Usiedliśmy przy stoliku, na którym
nie było już praktycznie miejsca. Cały był zastawiony alkoholem do tego było
pełno petów i gdzie nie gdzie biały proszek. Pewnie amfetamina. Cara nie mogła
chyba wybrać lepiej. Siedziałam pomiędzy lokowatym, a Louisem. Było to dość krępujące,
ponieważ ciągle gapili się na mnie. Jeszcze któryś z nich mnie objął. Co za maniery
kurwa. Myślą ze jestem pierwszą lepszą dziwką, która wskoczy im do łóżka? Jak
tak to się bardzo pomylili.
- Napijesz się czegoś mała? -uśmiechnął
się Harry.
- Nie. -odpowiedział krótko i chłodno.
- Czyli tak. -zaśmiał się, wstał i udał
się na dół.
Cara w ogóle nie odzywała się do mnie.
Była zbyt zajęta Zaynem. Nie dość, że się obściskiwali to jeszcze macali.
Widziałam ukradkiem jak jedna ręką tego chłopaka wędrowała pod jej sukienką, zaś
druga macała cycki. Od tego jest oddzielny pokój. Suka. Jak zwykle kłamała, ale
jutro tak jej dam popalić, że mnie popamięta. Wiedziałam już, którym z nich
mnie obejmuje. Był to Louis. Ponieważ Harrego już nie było a koło mnie siedział
tylko on.
- Możesz mnie nie obejmować? -syknęłam.
- Wyluzuj skarbie. -dmuchną mi prosto w
twarz dymem z papierosa.
- Mam na imię Chanel! -warknęłam.
- Baby złość piękność szkodzi. -śmiał się.
- Powtarzasz się. -przewróciłam oczami.
* Oczami Louisa *
Gdzie do cholery jest ten Harry? Miał
tylko zrobić jej drinka i wsypać pigułkę. Czy to jest aż takie trudne? Zawsze i wszystko muszę robić sam. W takim razie sam zabawię się z nią.
Brunetka zaczęła się wyrywać, ale nie ze mną te numery. Od teraz jest moja.
Nikt jej już nie pomoże, nawet jej przyjaciółka. Zayn tak ją omotał, że zrobi
wszystko dla niego.
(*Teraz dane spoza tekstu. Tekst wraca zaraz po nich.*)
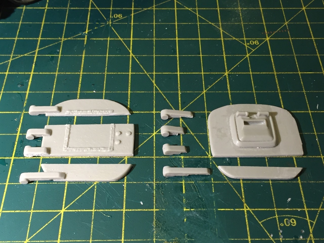 These are the side doors as provided. Like the machine gun turret, they were obviously made to fit the original taller hull and are therefore way too high and square, they should be rectangular. In any cases, they need to be modified to fit the corrected hull.

Jednak muszę przyznać, że zamiary Malik są bardzo
niegrzeczne.
- Puść mnie! -krzyknęła.
Dosyć tego. Sam sobie poradzę. Ścisnąłem
ją mocno za rękę i zawlokłem do najbliższego pokoju. Drzwi zamknąłem na kluczyk,
który rzuciłem gdzieś w kąt. Chwyciłem dziewczynę mocno i rzuciłem o ścianę. Tak,
że walnęła się w głowę. Zaraz zaczęły spadać krople krwi. Złapała się za głowę i ujrzała całą swoją rękę w krwi. Szybko podbiegła do drzwi waląc w nie z całej
siły i wołając pomocy. Niestety. Nikt ci już nie pomoże skarbie. Nawet twoja mama.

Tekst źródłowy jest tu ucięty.